Le président de la Commission européenne, Jean-Claude Juncker et le chancelier autrichien Werner Faymann ont convenu que «les barrières n'ont pas leur place en Europe», lors d'un entretien téléphonique mercredi, a indiqué une porte-parole de la Commission à Bruxelles.

Cette conversation téléphonique a fait suite aux propos de la ministre autrichienne de l'Intérieur, Johanna Mikl-Leitner, membre du parti conservateur, qui a annoncé que son pays allait édifier une barrière le long de sa frontière avec la Slovénie, également membre de l'Union européenne, pour contrôler le flux de migrants.

Le chancelier Werner Faymann appartient, lui, au Parti social-démocrate.

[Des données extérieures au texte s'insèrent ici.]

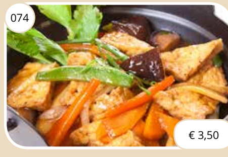
Tofu met oestersaus Tofu with oyster sauce (GV,LV,V)

Selon la porte-parole de la Commission européenne, Natasha Bertaud, les deux dirigeants ont également convenu qu'«il fallait mettre en oeuvre immédiatement les décisions prises» dimanche à Bruxelles, lors d'un mini-sommet consacré à la crise migratoire dans les Balkans occidentaux, «afin d'éviter une tragédie humaine».

L'Union européenne avait notamment annoncé lors de ce mini-sommet la création de 100.000 places d'accueil pour les réfugiés, dont 50.000 en Grèce et l'autre moitié le long de la route des Balkans, en coordination avec l'ONU.

La forme et le calendrier d'installation de la «barrière» autrichienne, qui serait une première dans la zone Schengen de libre circulation, n'ont pas été précisés mais la ministre de l'Intérieur, Johanna Mikl-Leitner, s'est défendue de vouloir stopper les migrants.